ソースはCrunchbaseで、以前はシリーズA投資に参加していたけれどここ6か月では参加していない投資家を含んでいます。エンジェル投資家を省くために、2012年1月1日時点で投資家協会に参加しており累計で2000万ドル以上投資したことのなるインベスターに絞っています。一番著名なインベスターを上に持ってくるために、累計投資額の大きい順にリストをソートしています。これらの投資会社の幾つかはレイトステージの投資で有名なので、これらの投資会社はあなたの最初の資金調達ラウンドには適さないかもしれないというだけであって、彼らがうまくやれていないということではない。(ので勘違いしないでね。)
投資家の皆さん、もしこのリストに誤って載ってしまっていたら、過去6ヶ月に行ったシリーズA投資について(詳細には入らないので、幾つかの単語レベルで良いので)教えて下さい。確認が出来次第このリストから削除し、シリーズA投資家リストに追加させていただきます。
———————ここまで———————-
まとめ
いかがだったでしょうか?日本では金融免許のある法人以外に、適格機関投資家等特例業務届出を提出している組織もベンチャーキャピタルを名乗っており(というかこっちの方がメジャー)、2700弱の組織が届出受理されていますのでこの中には当然、「ゾンビVC」も存在する可能性があります。
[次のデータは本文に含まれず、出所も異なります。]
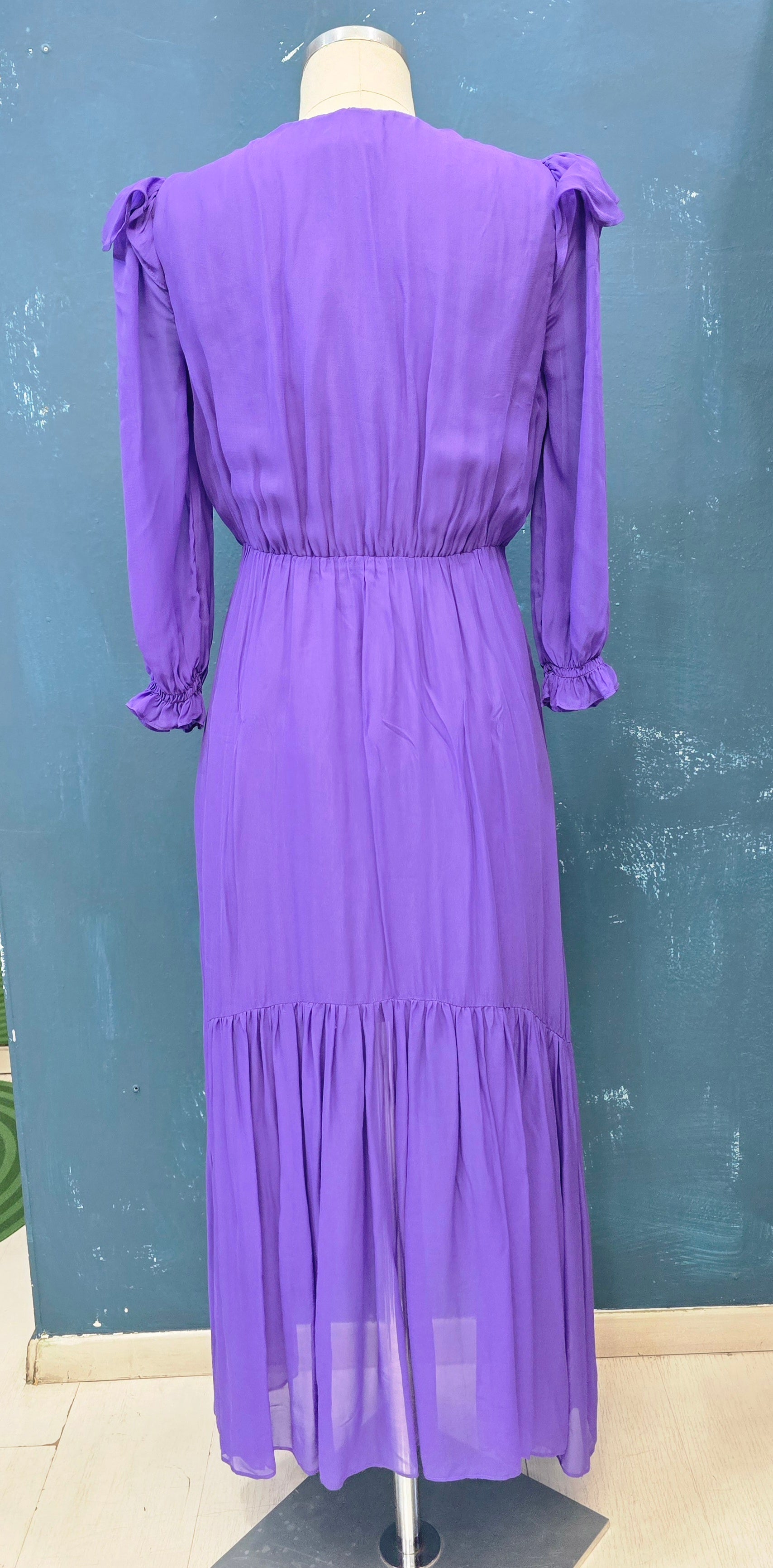 Abito in tessuto crepe viola con balza decorativa, taglia 42.

※適格機関投資家等特例業務届出を提出している組織の一覧は以下にて確認ができます。
金融庁「適格機関投資家等特例業者等」
http://www.fsa.go.jp/menkyo/menkyoj/tokurei.html
「問題があると認められた届出業者リスト」には2015年9月末現在で814の団体がリストアップされています。こちらは本当に死んでいる、あるいは詐欺業者なども含まれている可能性があります。
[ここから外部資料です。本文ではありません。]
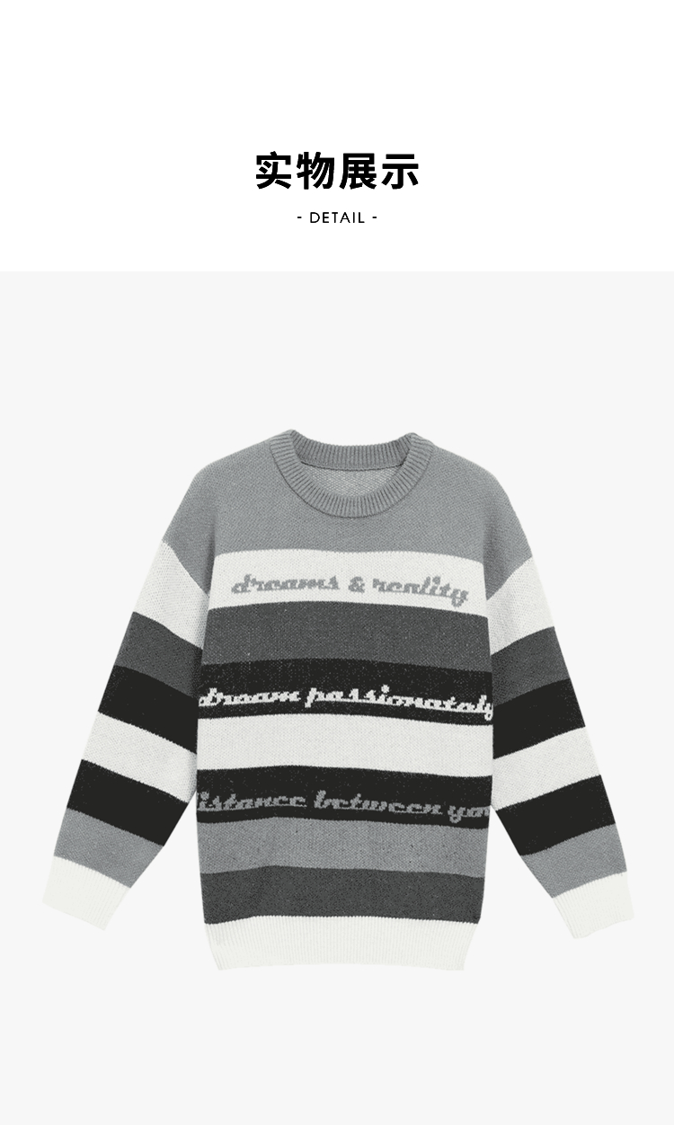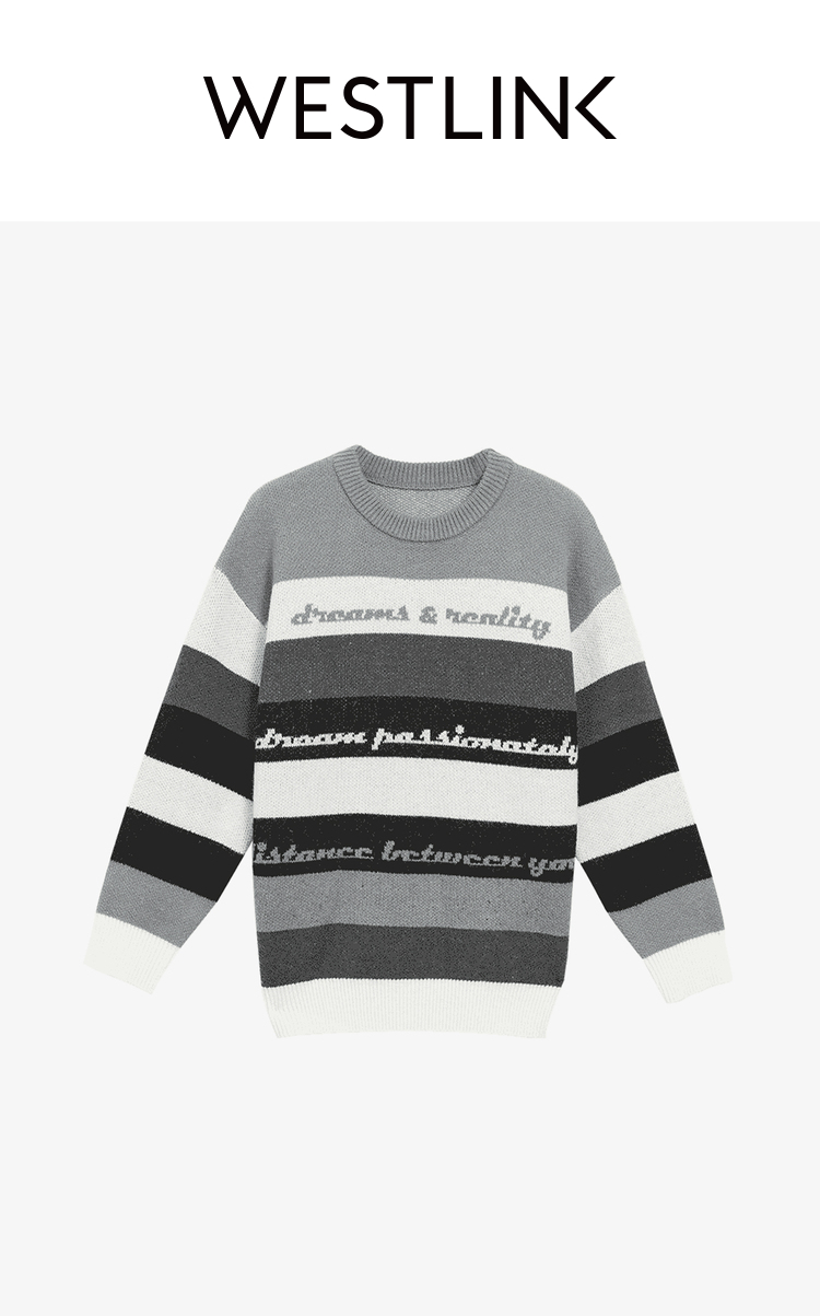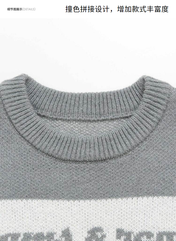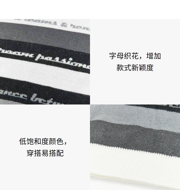 西遇条纹长袖针织衫男2023年冬季新款拼接撞色柔软保暖毛衣上衣12022430

「投資家ですよ」という自己申告を鵜呑みにせずに、本当に投資してくれる投資家と話をしたいですね。スタートアップ・ハローウィンネタをお伝えしました。
Big thank you to Danielle Morrill for allowing me to share this to Japanese entrepreneurs!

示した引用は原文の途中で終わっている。